I wonder what she thought of the current situation.
Jane Hodgson, 91, a Minnesota obstetrician-gynecologist who directly challenged her state's restrictive abortion laws in 1970 and, long after her conviction was overturned, remained a stalwart of reproductive rights for women, died Oct. 23 at her home in Rochester, Minn. She had congestive heart failure.
The daughter of a country doctor and the wife of a prominent cardiac surgeon, Dr. Hodgson developed her own thriving OB-GYN practice in the Twin Cities after World War II. She was deeply conservative and for years shunned requests for abortion procedures.

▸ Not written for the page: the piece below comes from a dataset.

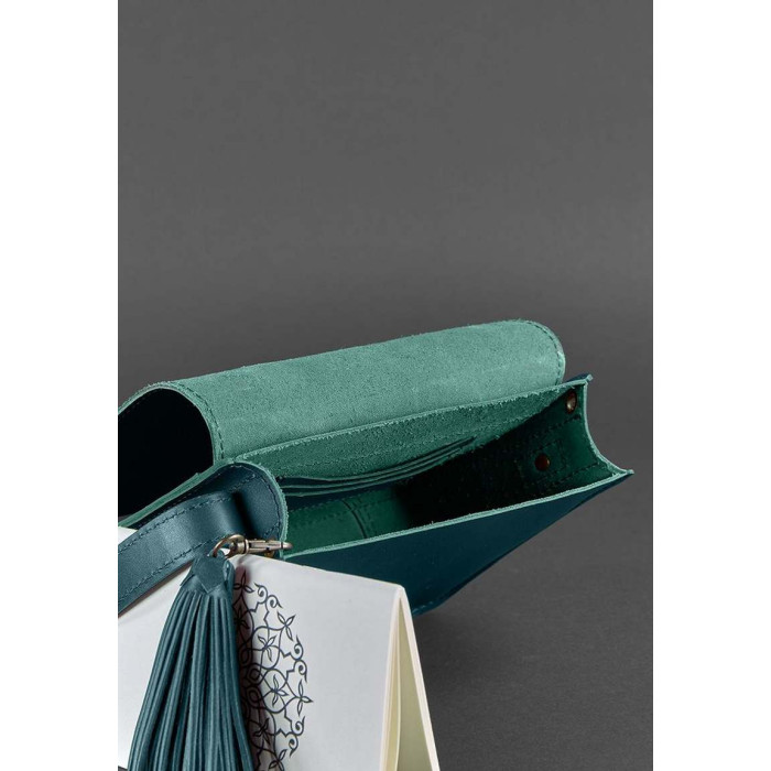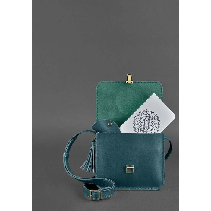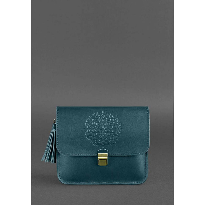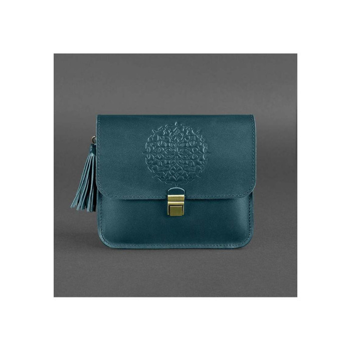 Сумка изготовлена из качественной натуральной кожи. Её оригинальный, и в то же время классический, дизайн никого не оставит равнодушным! Тиснение в виде индийском мандалы, которое украшает клапан сумки, добавит гармонии и умиротворения образу. А глубокий темно-бирюзовый цвет усилит этот эффект.

Dr. Hodgson was considered an unlikely person to defy the state law, which said abortions were legal only when the woman's life was at risk. "I've always had a proper respect for the law, and I've performed very few of even the so-called 'legal' abortions -- not over a dozen in 23 years of practice," she told the New York Times in 1970. "But those aren't the ones that bother me. It's the ones I've refused to perform that haunt me."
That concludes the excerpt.